Unfortunately, even as careful as I am, I run into this situation repeatedly. Pine Tree Park is just one example. And as much as I love dogs, I really don’t want strangers’ dogs mingling with my dogs or my clients’ dogs when I’m not inviting them to do so. I don’t know them or how they are cared for. It’s one thing to be in an off-leash dog area and expect dogs to interact. It is another to put dogs in a dangerous position or to frighten people who don’t own dogs because your pet is loose and approaching them. Many people are afraid of dogs, including small, fluffy, and toothless pets that couldn’t hurt a fly.
Even if you are in an area that allows dogs to be off-leash, should your dog be? Some dog owners appear to be obsessed with the notion that their pets are entitled to roam freely without being leashed. It seems egotistical, as if the dog is actually minding them and choosing not to leave them -- something like people who live together but aren’t married.
Simply put, off-leash obedience can never be guaranteed.
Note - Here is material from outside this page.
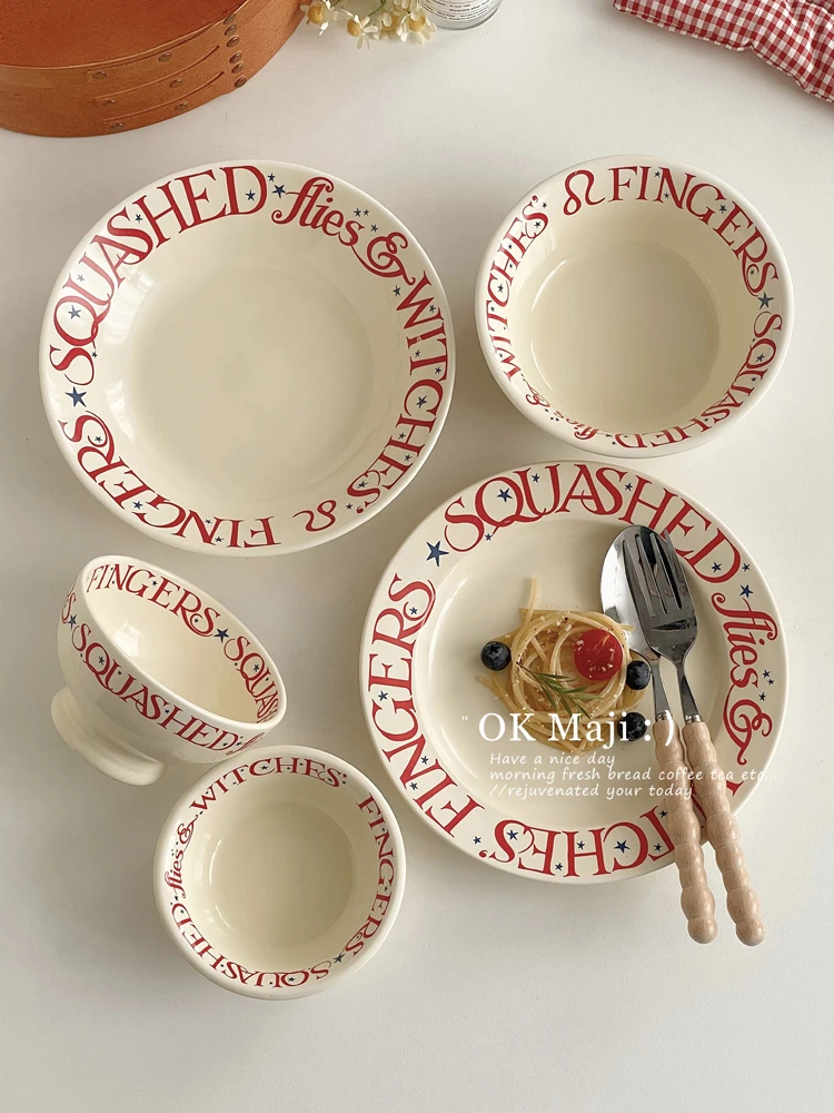 Party Red Design Dinner Set Plates European Style Elegant Round Plates Dinner Sets Ceramic Luxury Vaisselle Kitchen Dishes
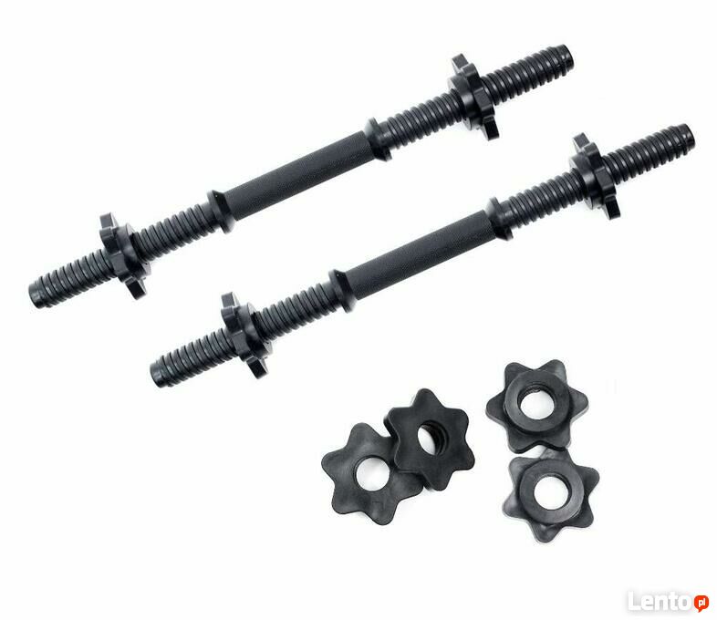 Zestaw hantli 2x20 kg- Dwa krótkie gryfy z zaciskami- Obciążenia bitumiczne o wadze 38 kg

There is always more inherent danger when dogs are off-leash than when they’re leashed. Even the most well-trained dog could be distracted or simply not listen to you one day. I once had a client with an adopted Chihuahua tell me he wanted to train his dog to be off-leash like the German shepherd who lived across the street. He resided on a busy highway, and I explained to him that off-leash obedience was never completely reliable. Dogs are not robots and they do not usually understand danger. The shepherd’s owner was taking a giant risk with his dog on such a busy street. Sadly, a year later my client informed me the shepherd had been hit by a car and died.
I do not know any other dog trainers who take their dogs off-leash near busy streets -- unless they have something to prove. Our dogs are just too important to us to take such a risk.
Read the rest here.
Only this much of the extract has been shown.